周羽扬完全不管什么旋律不旋律,就是一顿乱按。
听着那魔音绕梁,李多暖脸上的表情有点复杂,她看向从进屋就没说过话的张砚钧,他坐在那儿,手掌随意地搭在腿上,阳光从窗帘缝里挤进来,落在他半边脸上,他的眼神比平时软一些,嘴角似有若无地扬着。
似有感应,他忽然抬起头,两人的目光直直地撞到一起。
李多暖懵了一下,他不会以为她没好好上课吧。
她清了清嗓音,决定先发制人,“我觉得周羽扬小朋友很有激情。”
“激情在哪儿?”张砚钧笑着问道。
经过两个月的锻炼,在哄家长和哄孩子这方面,李多暖颇有心得,温声道:“他的琴声很有气势。”

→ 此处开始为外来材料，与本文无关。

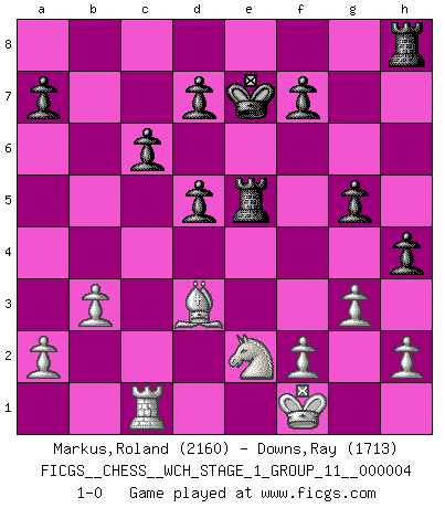 Last move : 1-0 2008 March 6 3:53:12 [Event "FICGS__CHESS__WCH_STAGE_1_GROUP_11__000004"] [Site "FICGS"] [Date "2008.01.08"] [Round "1"] [White "Markus,Roland"] [Black "Downs,Ray"] [Result "1-0"] [WhiteElo "2160"] [BlackElo "1713"] 1.e4 e5 2.Nf3 Nc6 3.d4 exd4 4.Nxd4 Nf6 5.Nxc6 bxc6 6.e5 Qe7 7.Qe2 Nd5 8.c4 Ba6 9.b3 O-O-O 10.g3 g5 11.Bg2 Bg7 12.Bb2 Rde8 13.O-O Bxe5 14.Qxe5 Qxe5 15.Bxe5 Rxe5 16.cxd5 Bxf1 17.Kxf1 cxd5 18.Nc3 c6 19.Rc1 Kd8 20.Bf3 h5 21.Be2 Ke7 22.Bd3 h4 23.Ne2 1-0 Scotch : Mieses variation Queenside Castling by player Black (move 9) Kingside Castling by player White (move 13) Player White won this chess game. Follow this game move after move (download)When I have White, I win because I am white; When I have Black, I win because I am Bogolyubov. (Bogolyubov) Die Auseinandersetzung mit Karpow war politisch geprägt. Er stand für das kommunistische System, wurde von dessen Repräsentanten gehätschelt. Ich war der Oppositionelle. Jeder Schachweltmeister spiegelt auch die gesellschaftlichen Verhältnisse wider. Kramnik steht für die Börsen-Generation des Neuen Markts, ideologiefrei, zahlenfixiert. (Garry Kasparov) No puedes jugar al Ajedrez si eres de corazón noble. (Proverbio Francés) Un journaliste : 'Vous préférez avoir une dame de plus sur l'échiquier ou au lit ?' Boris Spassky : 'Ca dépend de la position.' Drag your thoughts away from your troubles... by the ears, by the heels, or any other way you can manage it. (Mark Twain)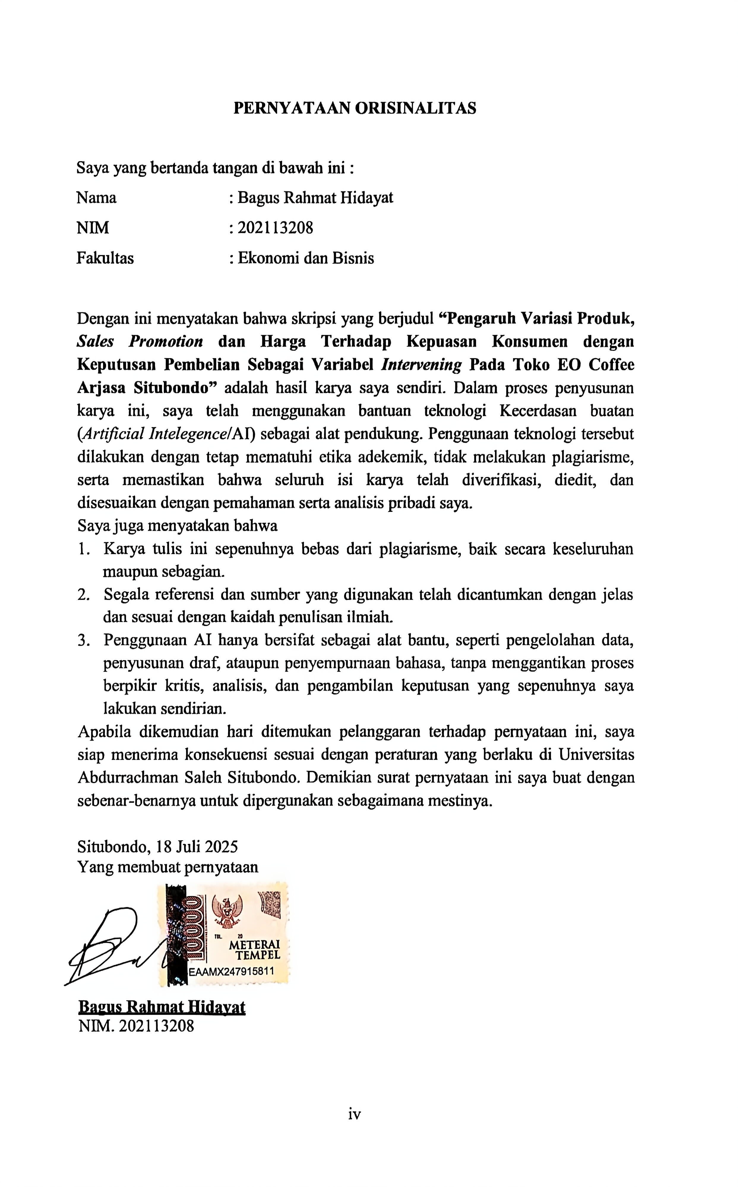 Bagus, Rahmat Hidayat (2025) PENGARUH VARIASI PRODUK, SALES PROMOTION, DAN HARGA TERHADAP KEPUASAN KONSUMEN DENGAN KEPUTUSAN PEMBELIAN SEBAGAI VARIABEL INTERVENING PADA TOKO EO COFFE ARJASA SITUBONDO. Other thesis, UNIVERSITAS ABDURACHMAN SALEH SITUBONDO.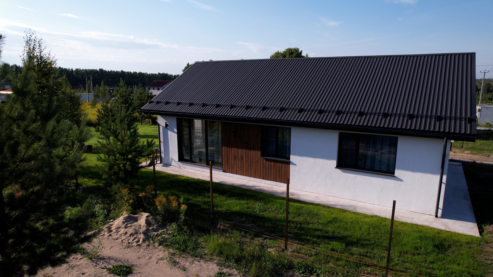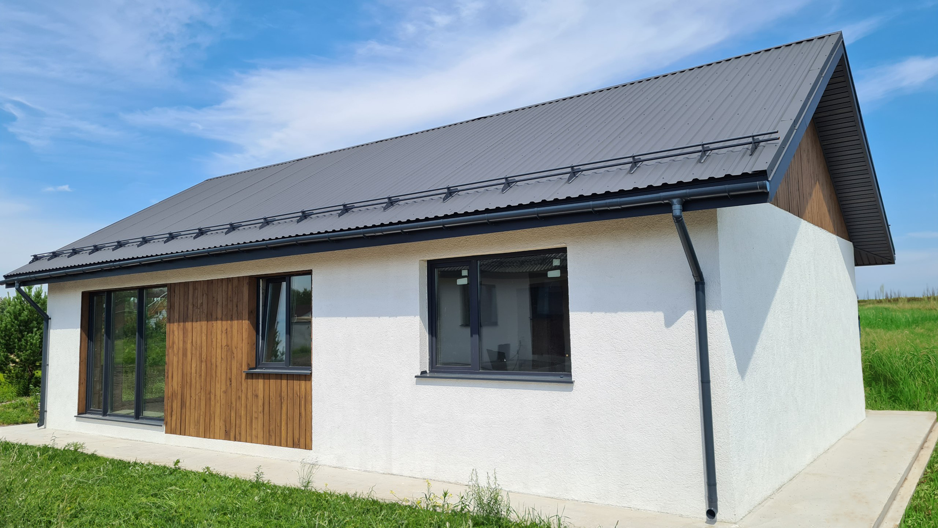 - Фасад: мокрая штукатурка и планкен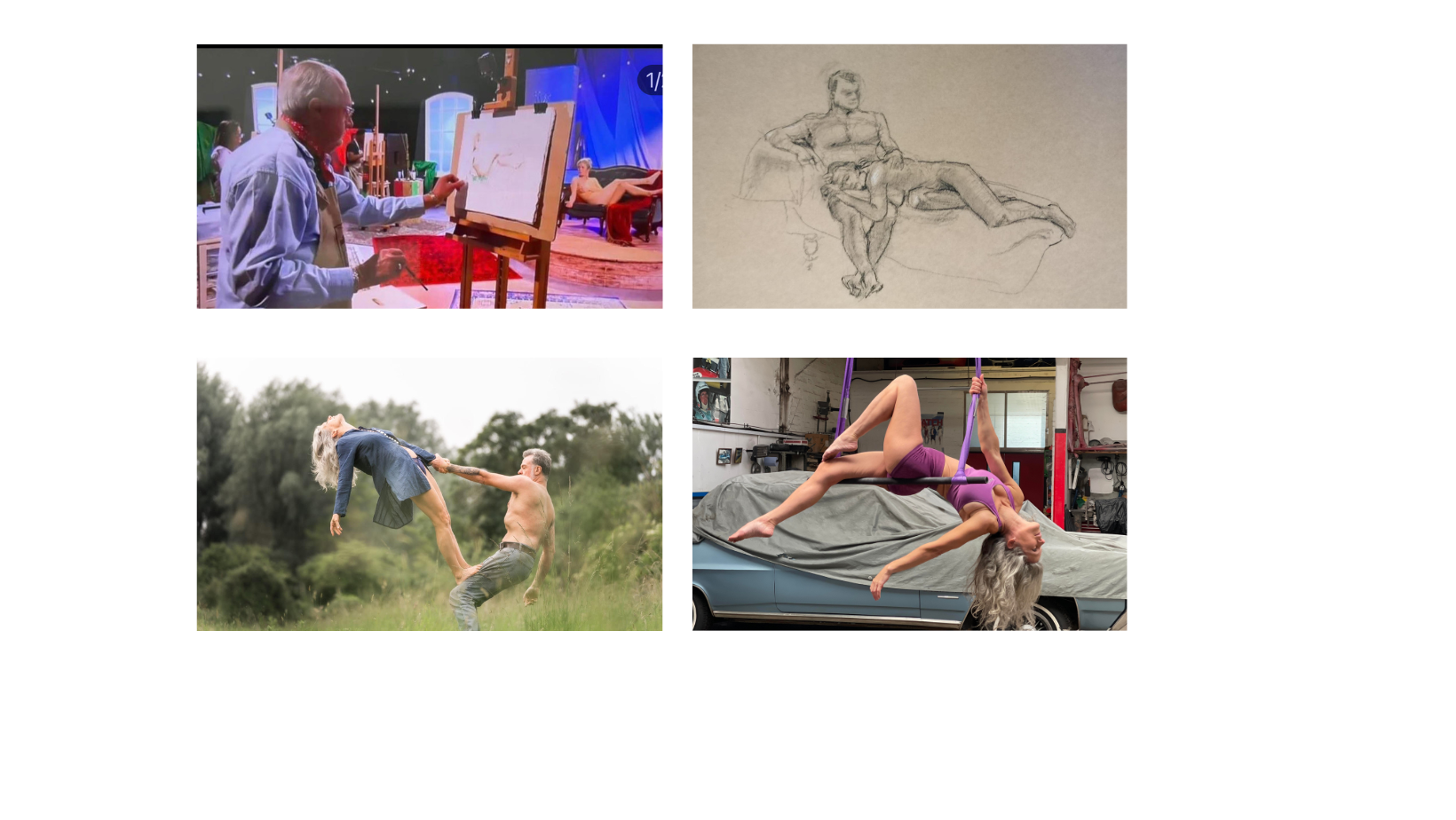 "We got on the show after seeing a social media post asking for professional life models for a tv show, Helen applied first and told me about it. I mentioned Hens With Pens in my application and sent pictures of previous life modelling classes I participated in, including one image of me posing on a ladder! That must have caught their attention as they provided a ladder for me to pose on the day."
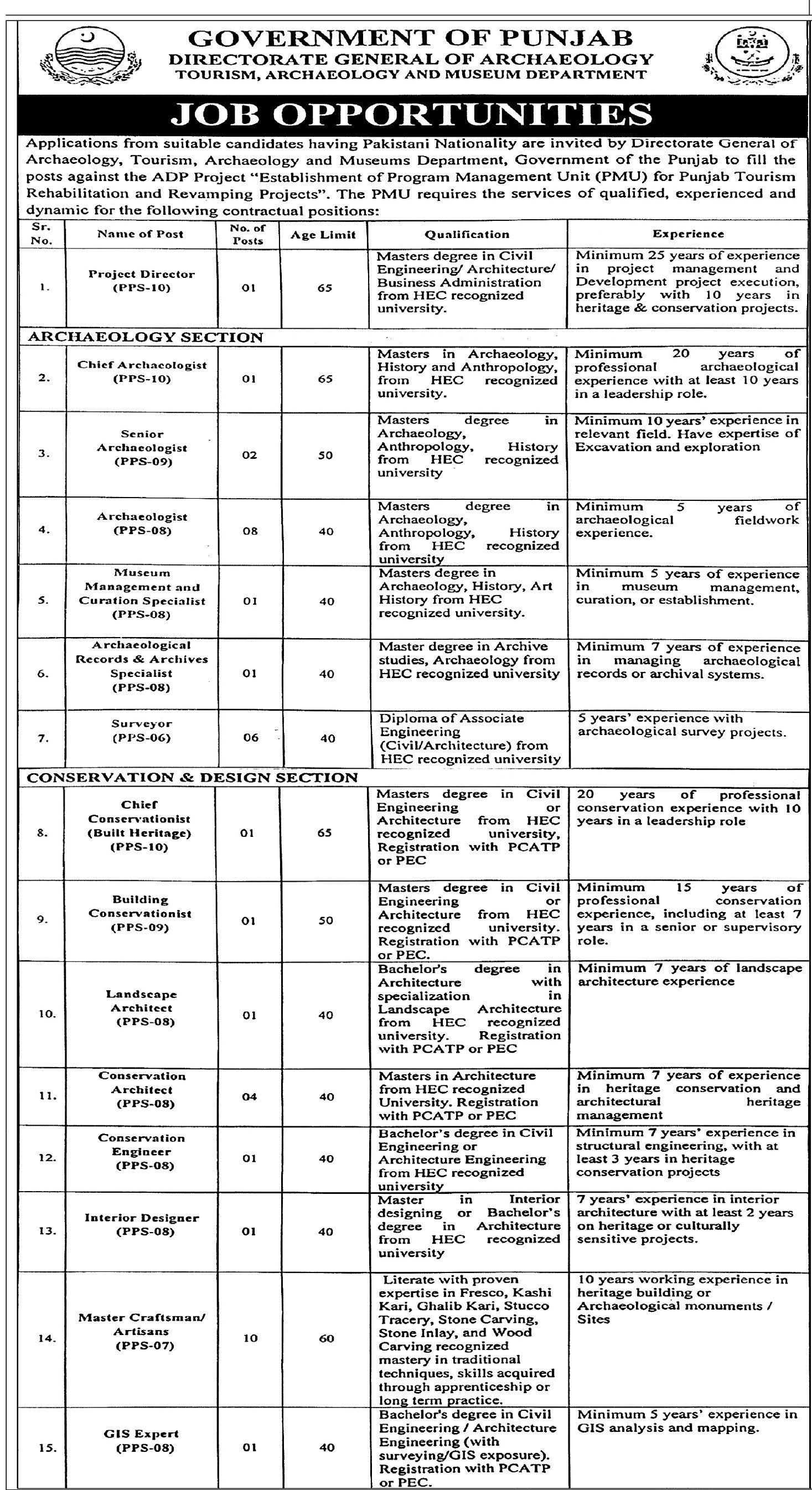 Applications from suitable candidates having Pakistani Nationality are invited by Directorate General of Archaeology, Tourism, Archaeology and Museums Department, Government of the Punjab to fill the posts against the ADP Project "Establishment of Program Management Unit (PMU) for Punjab Tourism Rehabilitation and Revamping Projects". The PMU requires the services of qualified, experienced and dynamic for the following contractual positions: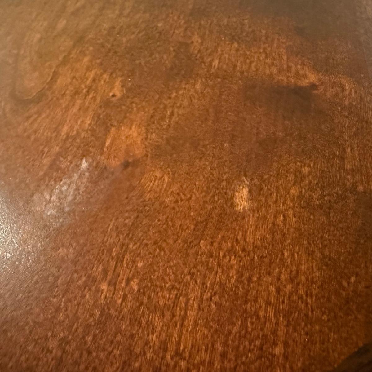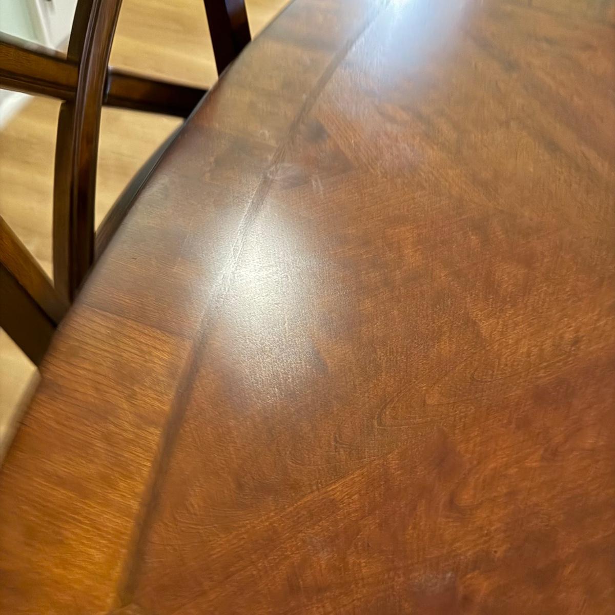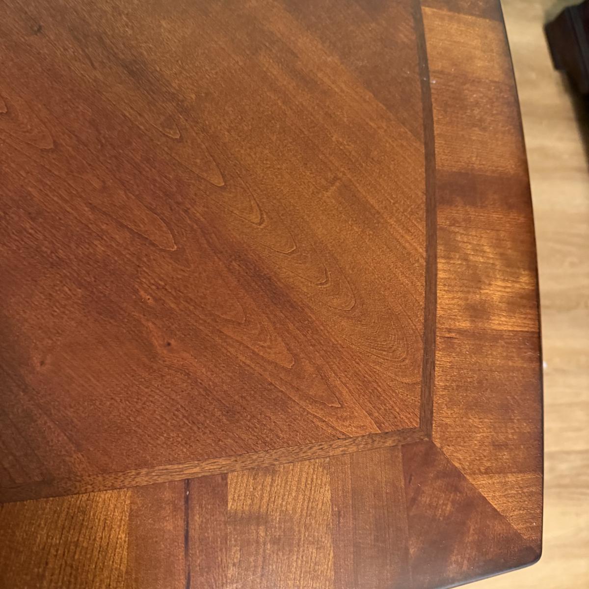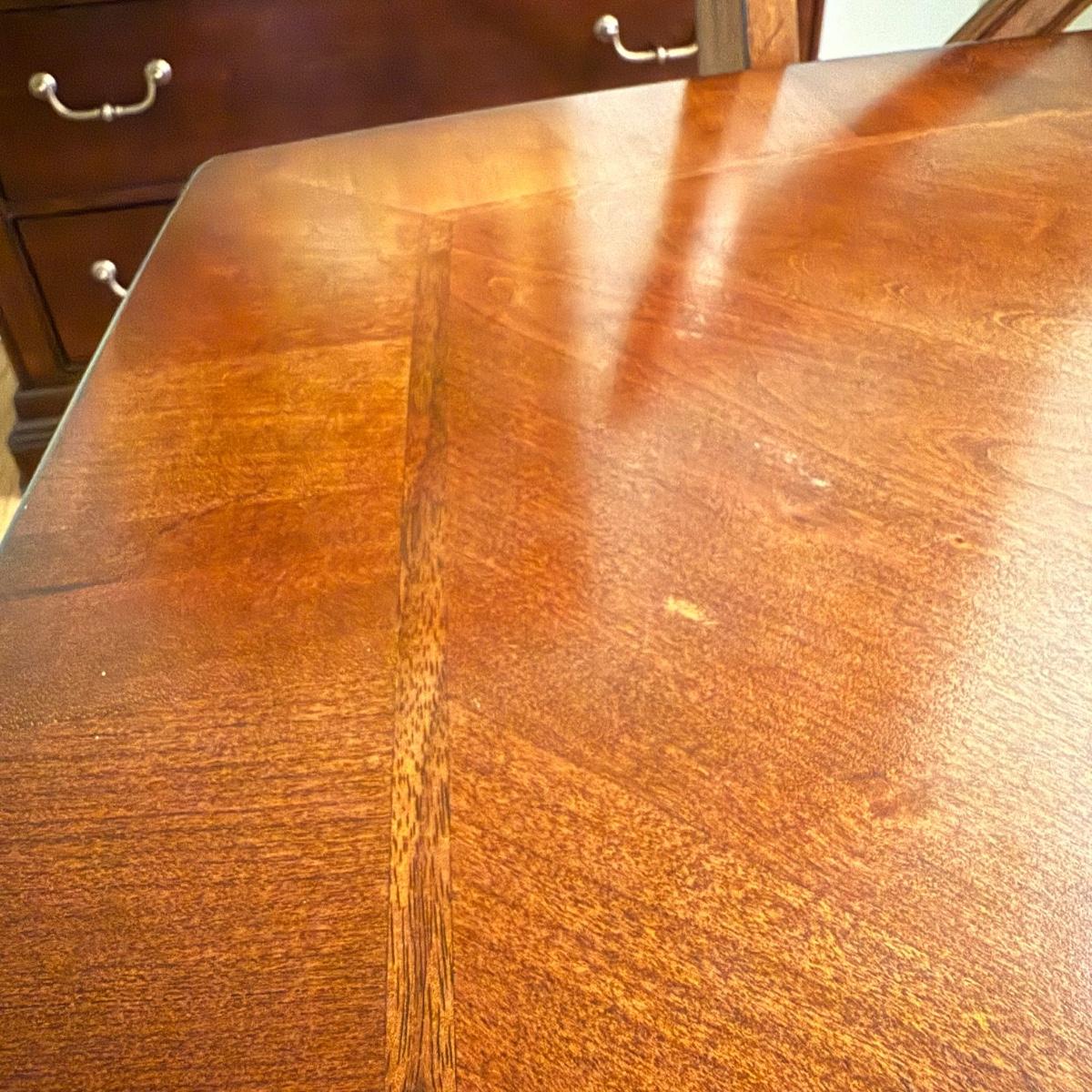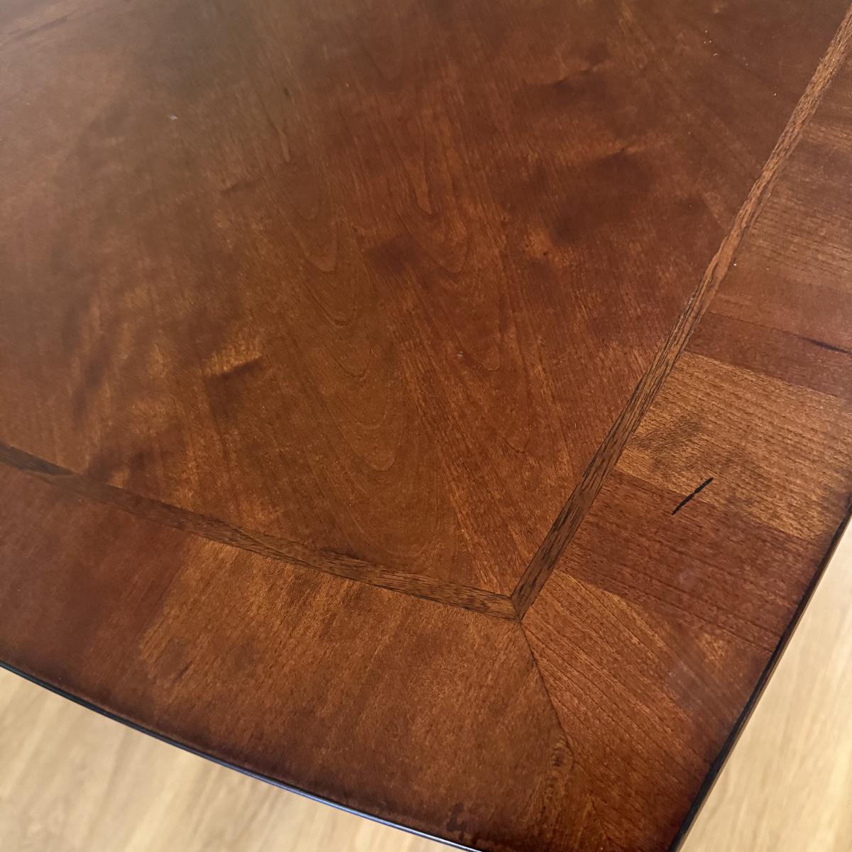Lovely inlaid dining table with four chairs. Table is 60” x 36” x 30.25”H. Slight imperfections seen on the surface. Four cross back wood upholstered chairs individually measure 18.5” x 18” x 38.75”H with an 18.5” seat height. Upholstery is a linen color.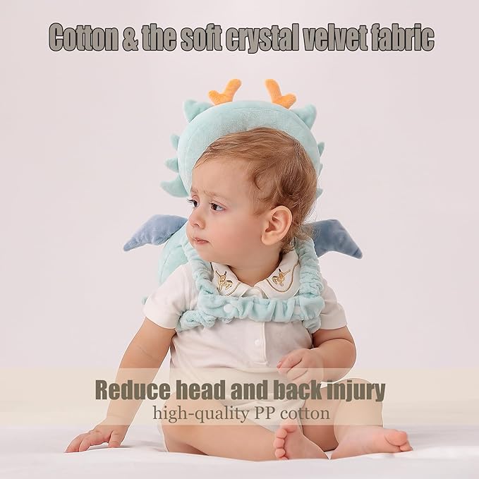Feidoog Baby Head Protector Cushion Backpack with 3 Knee Pads for Walking & Crawling,Blue Dragon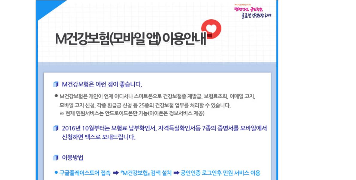 M건강보험 앱 설치>앱 상단 민원서비스 터치> 증명서 팩스발송 터치> 주민등록번호 입력후 공인인증서 로그인> 팩스 전송 순으로 이용할 수 있습니다.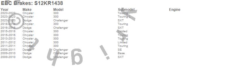 Below is an abbreviated list of applications for the S12 Kits Redstuff and RK Rotors.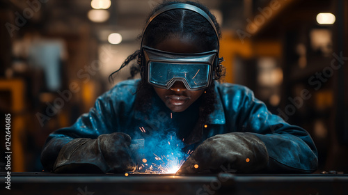 Black woman welder in protective gear working with sparks flying in industrial workshop showing skilled trade and manufacturing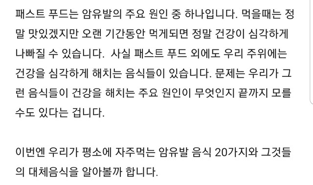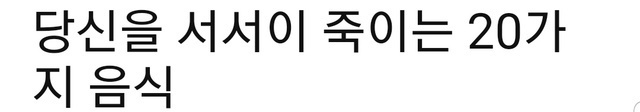 19.12.03 851 읽음 당신을 서서히 죽이는 20가지 음식 1탄 (너무많네요ㅜㅜ) maha 구독하기 42 51 콘텐츠의 수익 625 출처 : https://story-daily.com/cancerfood-korean/?utm_source=taboola&utm_term=cashfeed-app-android_1209451&utm_content=2840424079&utm_medium=referral&utm_campaign=CancerFood-KR-DTM-SD-TB 51 0 / 300 입력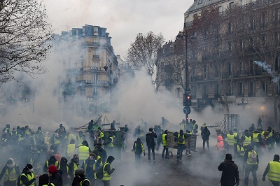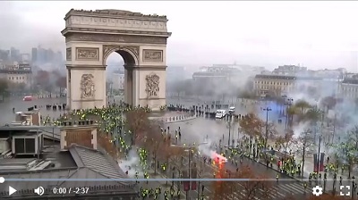 Theo AP ngày 1/12/2018, “Cuộc bạo động lớn nhất trong 50 năm của Pháp bao trùm lên trung tâm thủ đô Paris khi các người biểu tình mặc áo vét vàng đốt xe, đập phá cửa kính, ném đá vào cảnh sát, hôi của và dùng sơn màu bôi bẩn lên Khải Hoàn Môn (Arc de Triomphe). Các người biểu tình phản đối việc tăng thuế và giá sinh hoạt cao đã đụng độ với cảnh sát chống biểu tình và chính phủ đã đóng cửa một số khu vực du lịch nổi tiếng, bắn lựu đạn cay và súng nước để dập tắt tình trạng kinh hoàng trên đường phố. Một số người biểu tình đã yêu cầu Ô. Macron từ chức. Từ thượng đỉnh G-20 tại Á Căn Đình, Tổng Thống Emmanuel Macron lên án cuộc bạo động và nói rằng những ai tấn công cảnh sát và phá hoại Khải Hoàn Môn sẽ phải chịu trách nhiệm về hành động của họ và sẽ triệu tập phiên họp khẩn cấp của nội các vào ngày 2/12/2018.

她低头,对上亮晶晶的黑瞳,言语鼓舞,“如果可以给动画片配音,恐龙出场的音乐非你莫属。”
周羽扬声音拔高,“真的吗?”
“真的。”李多暖重重点头,善意的谎言不算撒谎。
周羽扬信了,眉开眼笑。
张砚钧眼角含笑,“你运气真好,遇到一个这么耐心的姐姐。”
李多暖斟酌着词句,“孩子的启蒙还是需要专业人士,我自己弹弹还行,教不了人,我让罗校长给你介绍专业内的大师。”
...
琴房门口,李多暖和罗淑珍简单说了一遍,随后罗淑珍牵起周羽扬去了另一个琴房。
李多暖站在门口,看向张砚钧,“他是谁家的小孩。”
“我硕导的孙子,他父母常年在国外,跟着爷爷奶奶长大。”
李多暖听着,心里一软,“他要是在这里学,我肯定......”
“你们这里,收不收成年人?”
话还没说完就被张砚钧打断,李多暖懵了一瞬,“什么?”
张砚钧抬眼看她,“我想学钢琴。”
李多暖眨巴眨巴眼,以为自己听错了。
“你想学钢琴?”
“嗯。”
李多暖看着他,有点反应不过来。
这个人,市商务委外贸发展处副处长,两米高的大山,站在她面前,说要学钢琴?
“你怎么想到学钢琴呀?”
张砚钧沉默了一秒。
“单位年底要搞文艺汇演,每个部门都得出节目。”
李多暖点点头,表示十分理解,她拍拍胸脯做保证,“你放心,我们这的老师都很厉害,保管你一曲惊艳四座。”
“你能教吗。”
李多暖惊讶,指了指自己,“我?”
张砚钧垂眸看她,黑眸亮而沉,“学到年前,会一首就行。”
“我没当过老师。”她只是个前台小妹,偶尔在忙不来的时候顶顶位。
“我只想让你教。”
李多暖眉心轻拧,眼底流露出一丝困惑,她觉得张砚钧的态度有些微妙,他没有过分热情,
没有越界举动,可细碎的小动作,熟络随意的语气,处处透着不对劲,李多暖兀自纳闷着,难道是她年纪小,跟他妹妹是朋友?